3. You see it, hate it, try it reluctantly and continue to hate it.
The first category is an utter joy to have in the classroom. All you have to do is let them know that blogs exist and they’re off. Nils had redesigned his blog half an hour after I’d set them up – and this was in the evening! I don’t know whether he’ll enjoy writing, of course, but that kind of enthusiasm would thrill any teacher! I was lucky enough to have an enthusiastic blogger from last semester in this semester’s class too, and it was brilliant seeing her explain the pleasures and the usefulness of blogging to other students. She pointed out one advantage in student blogs I hadn’t thought of: she types her lecture notes and so on straight into MoveableType leaving them as drafts rather than publishing them. That way, she has all her notes always available from uni or from home, and they’re searchable.

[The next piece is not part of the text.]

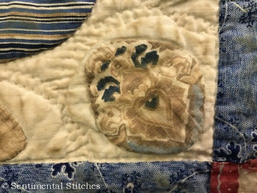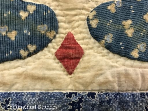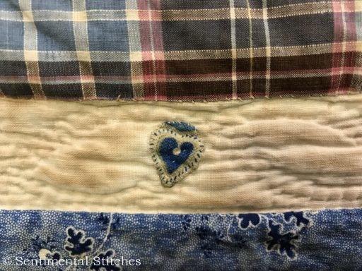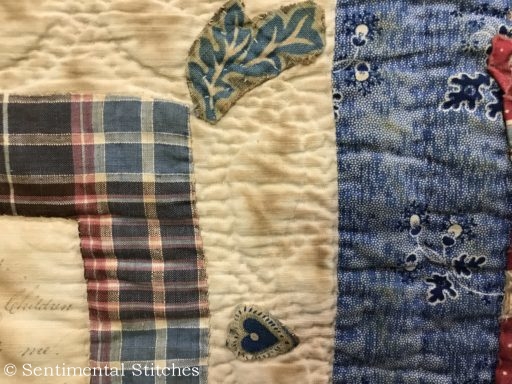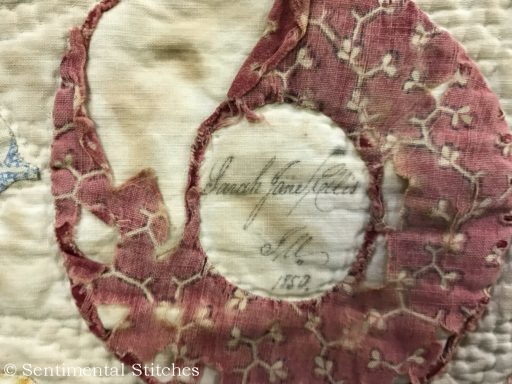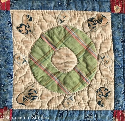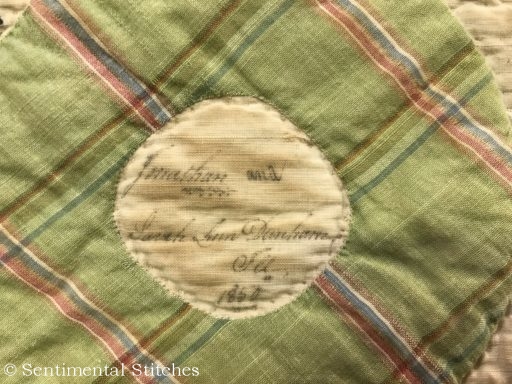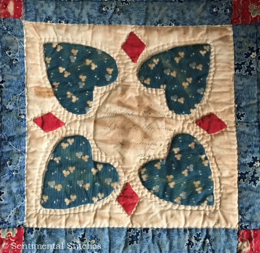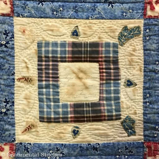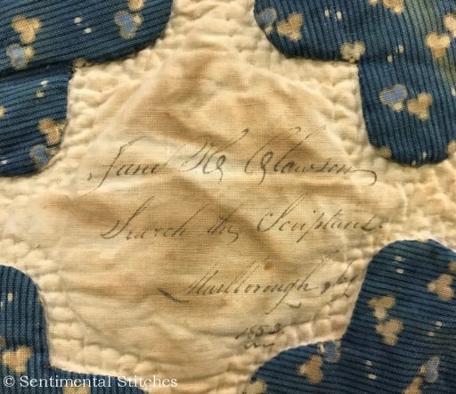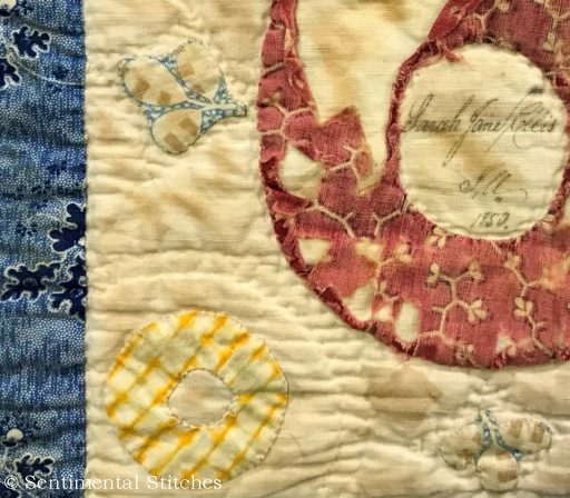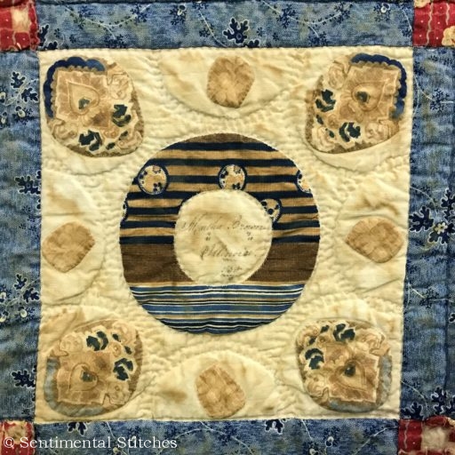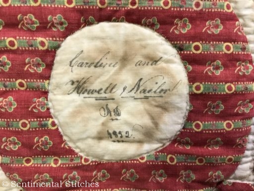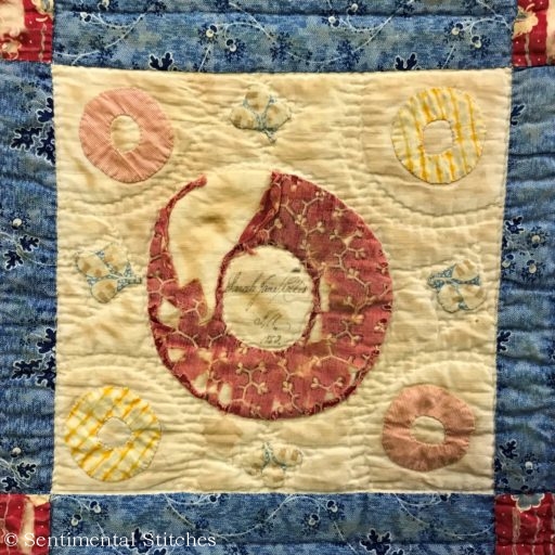 Many of the blocks have sentiments inked on them for the Sarah and Maxon. Some have just the name and date like the today's blocks. I've been writing down inscriptions as I come across them. If you'd like to use them on your quilt, you can download a copy of the first group - Antique Quilt Inscriptions 1 I may print some of them on extra pieces of fabric and sneak them under the center of a blocks motif so they're sewn in place when I do the reverse applique in that area (like under the center of the donut in the picture above.

The second category is definitely the largest, and it’s for this category you need to devise specific blogging tasks and actually spend class time blogging. I’ll post more on what we actually do and what exercises seem to work best as I go.
I’m not quite sure what to do about the third category. There definitely are people who don’t get much out of blogging. But then, there are people who hate written exams or oral presentations, there are people who learn best from discussions with friends and others who learn best from reading or doing. Exposing students to more different ways of learning and thinking and expressing oneself can only be a good thing. There should be a point at which they can opt out of the ones that don’t work for them, though.
Norman
i’m in a 4th category — just totally confused.